** Opening Data listing block **

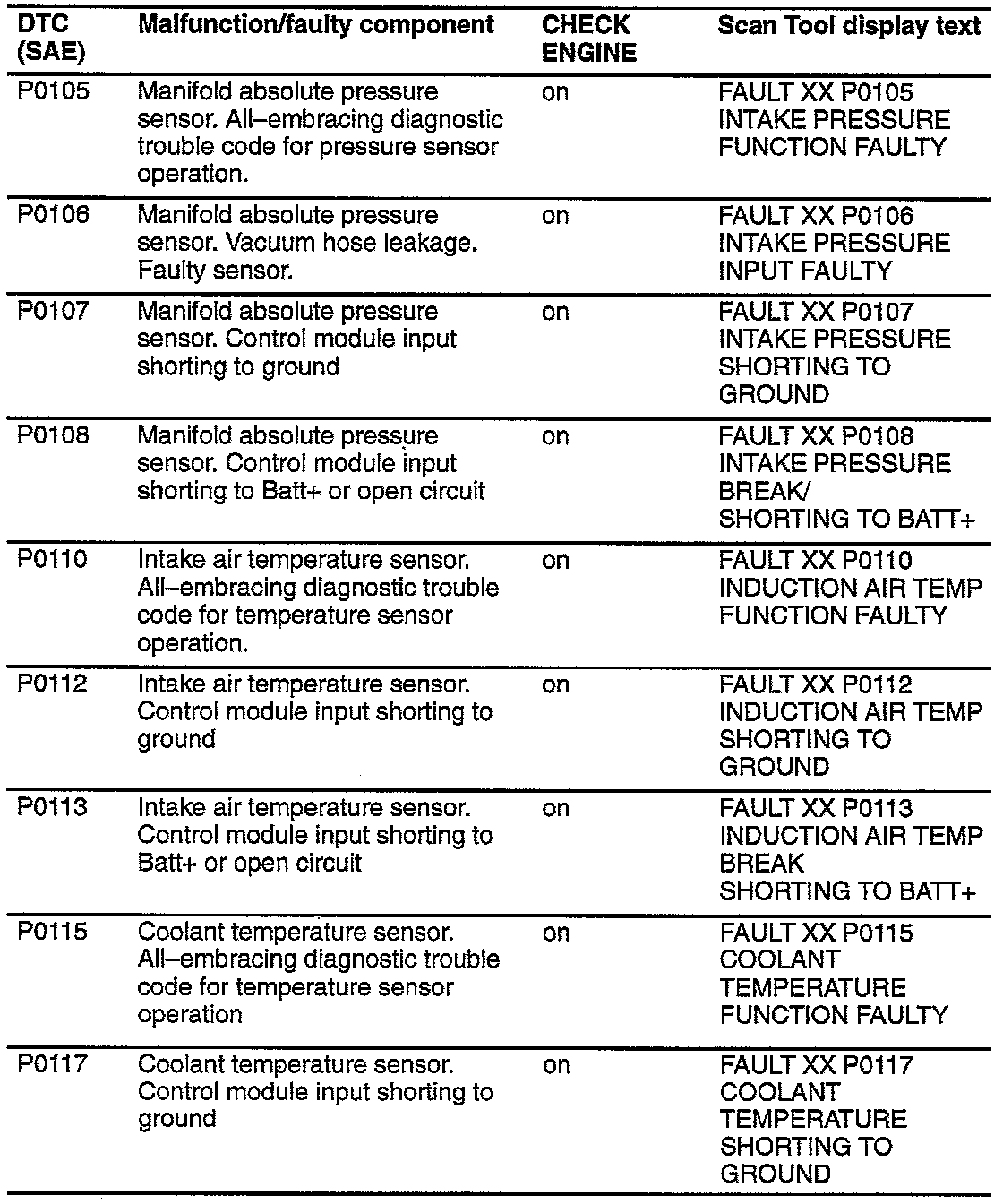 P0105 - P0117
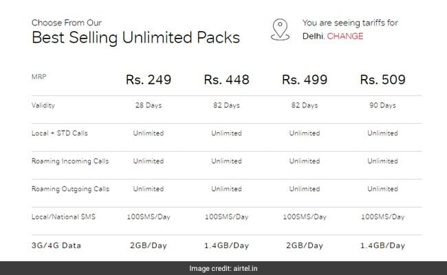Airtel's popular prepaid recharge plans, according to its website, airtel.in
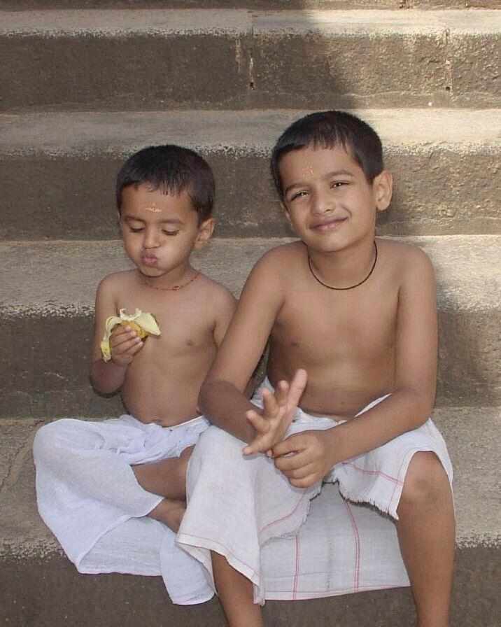 We do not know of any specifical Hindu clothing. Clothing does, however, have a role. Hindu priests in the temple wear only the basic dhoti. And we notice pilgrims also wearing the dhoti, but this is basically traditional clothing rather than specifivally religious dress. All Hindu temples prohibit footwear. Usually it is sufficient remove the footwear. Some temples have special, destinctive rules. This generally related to wearing traditional clothing rather than Western dress. Women and the girl may have to wear the sari. The men and the boys can wear only wear the lungi.
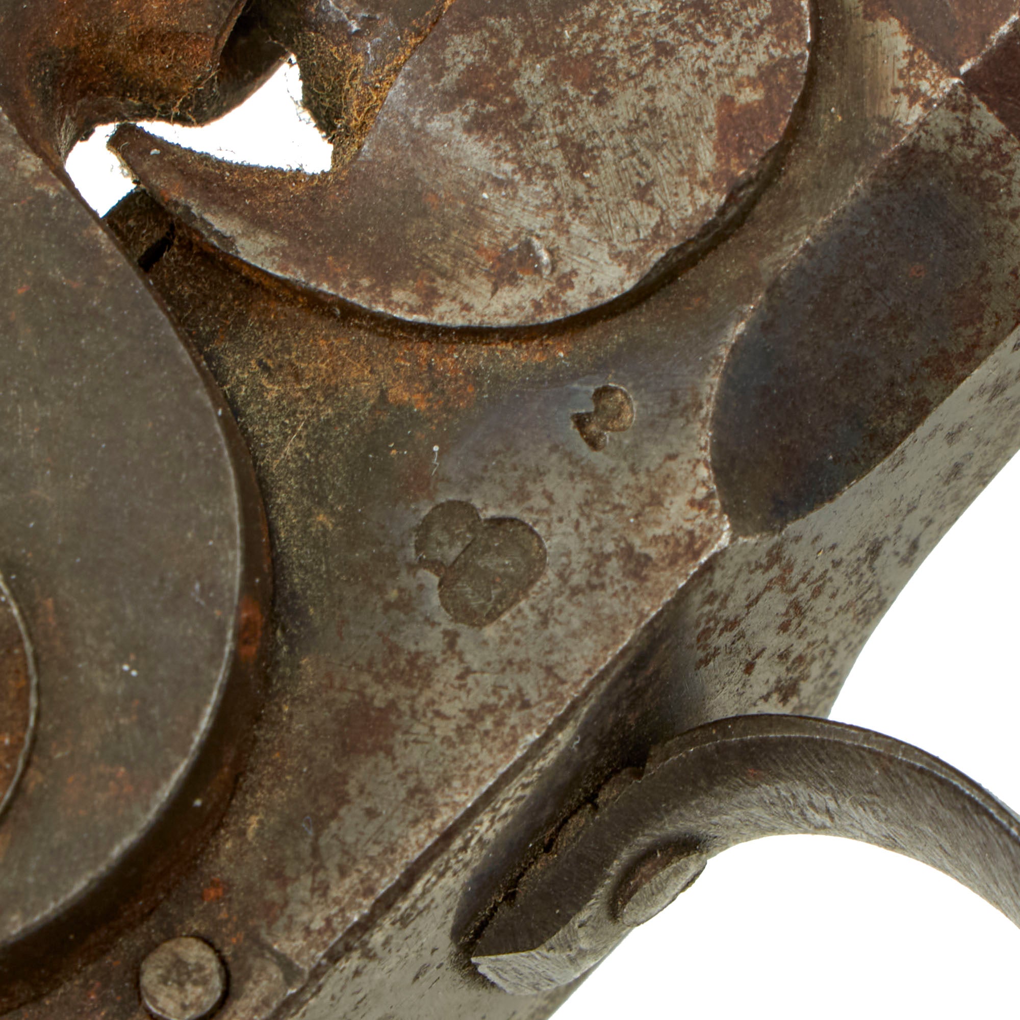 The pistol measures about 8 ¼" in overall length, with a 3 ¼ rifled barrel. There are cuts into the interior muzzle for removal of the turn-off barrel, however the barrel joint is unfortunately seized at present. It has the usual "box-lock" design, however unlike most we see, this has a hammer on the side of the action, and not on top. It is marked on the left side of the frame with an E / L G / * in an Oval proof, indicating manufacture in Liège, Belgium. The right side of the frame is marked with a CROWN / LH in an Oval, a Belgian "mark test of manufacture", which was seen on guns from various makers, including Emile et Léon Nagant. The left side of the barrel also looks to have a faded "Perron" Tower of Liège proof on it.
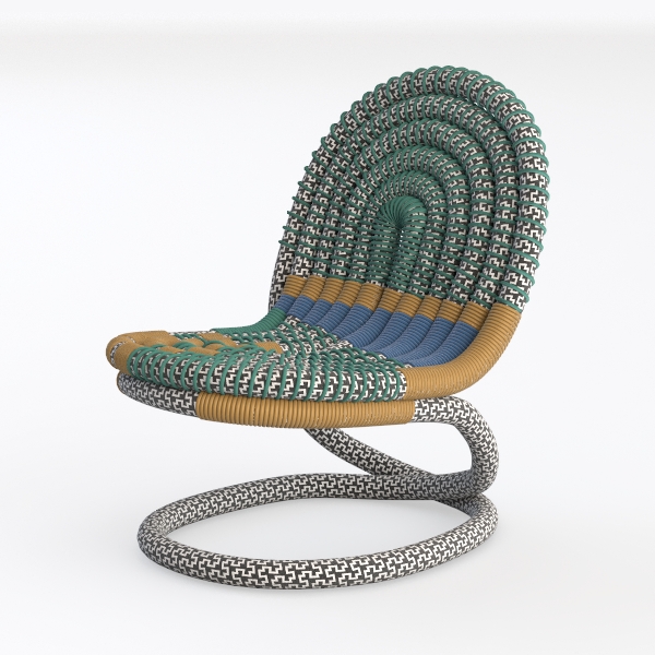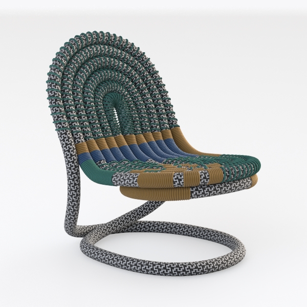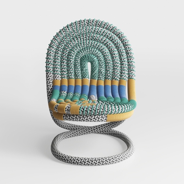 Inspired by organic vine patterns, this piece blends vibrant blue, yellow, and teal with geometric black-and-white weaves. Its soft braided texture offers tactile comfort, while curved back and base create a dynamic, flowing silhouette. Ideal for modern bohemian or coastal living rooms—pair with wooden tables and plants. A generously sized seat with great lumbar support ensures long relaxation during reading or gatherings.
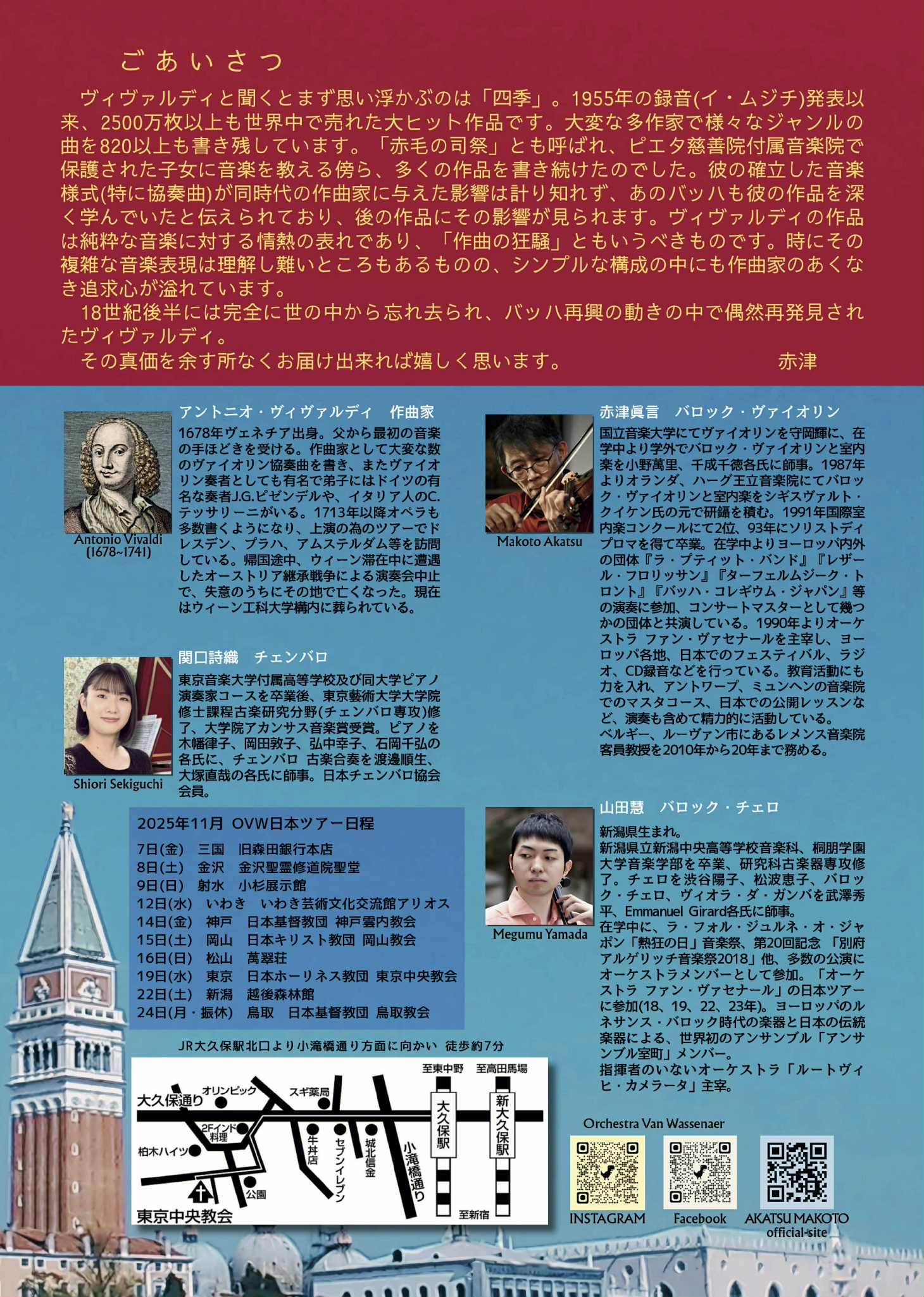 ※大久保には東京中央教会」が他にもありますのでご注意ください。出演 オーケストラ ファン・ヴァセナール
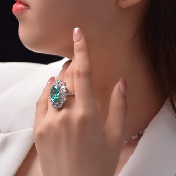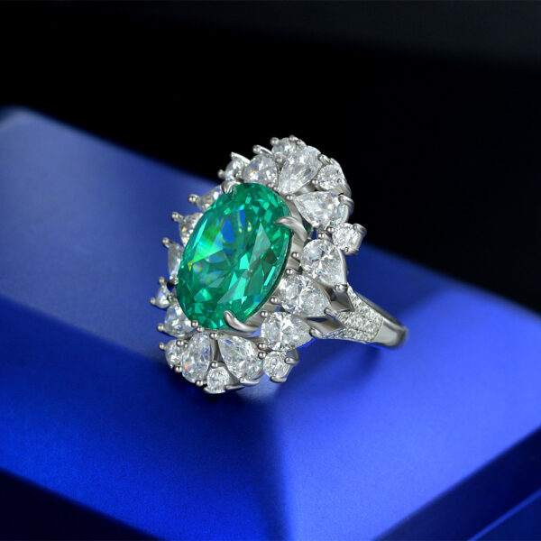 925 Sterling Silver Luxury Jewelry Latest Design Radiant Oval Cut 12*16mm Paraiba Green Synthetic Gem Stones Ring
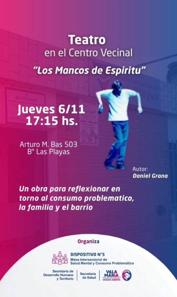 Se presentará la obra «Los mancos de espíritu» de Daniel Grana. Aborda el consumo problemático.
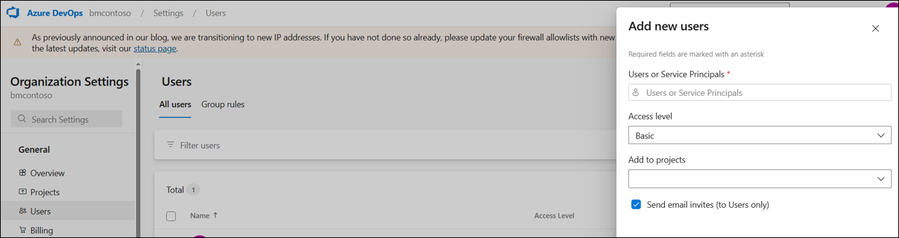 - Navegue até Configurações da organização -> Usuário -> Adicionar usuários
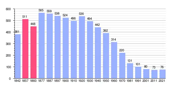 | Gráfica de evolución demográfica de Aguilar del Alfambra[5][6] entre 1842 y 2021 |
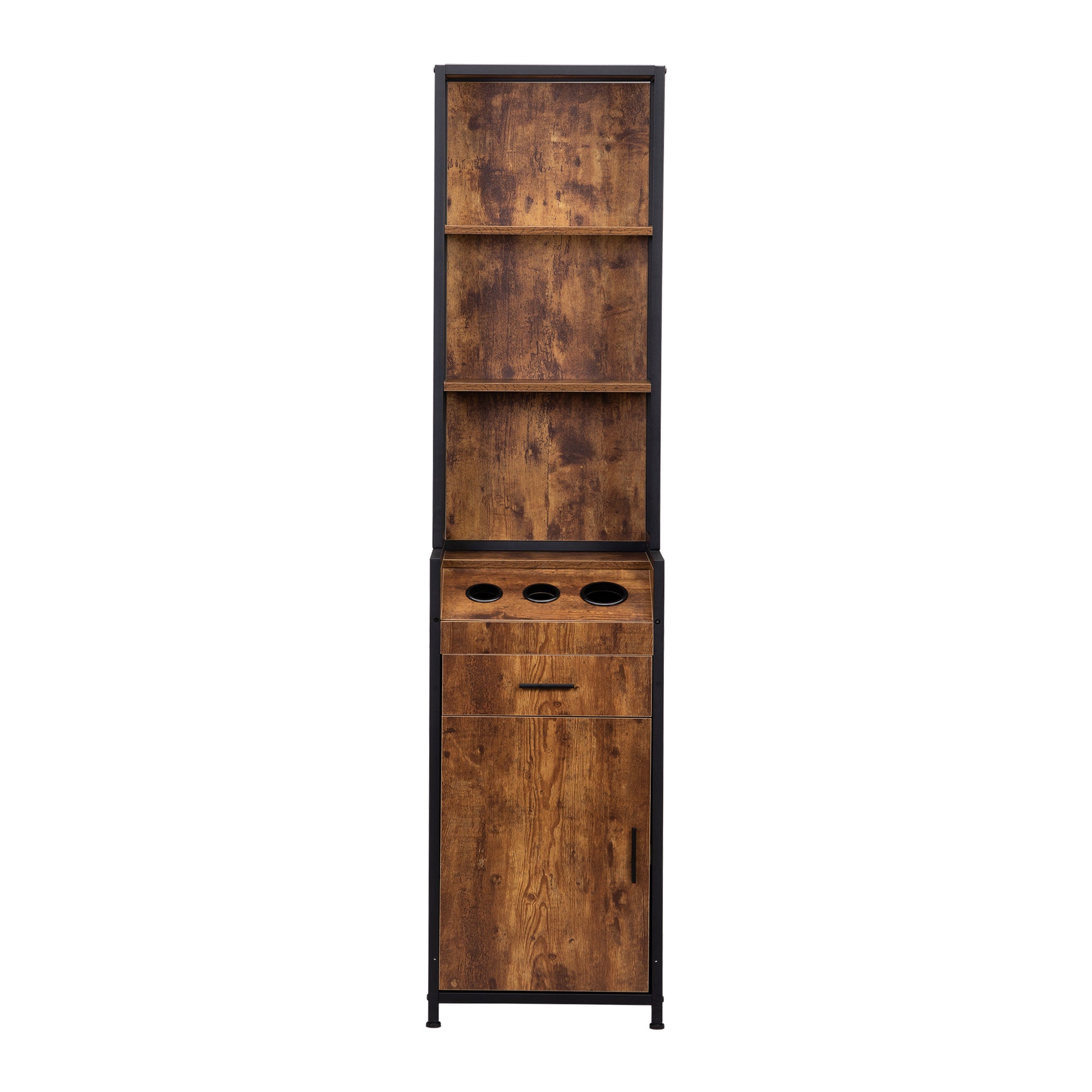 Salon Station For Hair Stylist, Barber Equipment With Drawer, Cabinet, Hair Dryer Holders And Shelves, Vintage Brown Brown Mdf

** Closing Data listing block **

◆ Exercise requirements
In the records above, find the line containing "Se presentará la" and the line containing "- Navegue até", then give both of them again word for word along with every line between. Omit any pictures.

◆ Exercise result
 Se presentará la obra «Los mancos de espíritu» de Daniel Grana. Aborda el consumo problemático.
 - Navegue até Configurações da organização -> Usuário -> Adicionar usuários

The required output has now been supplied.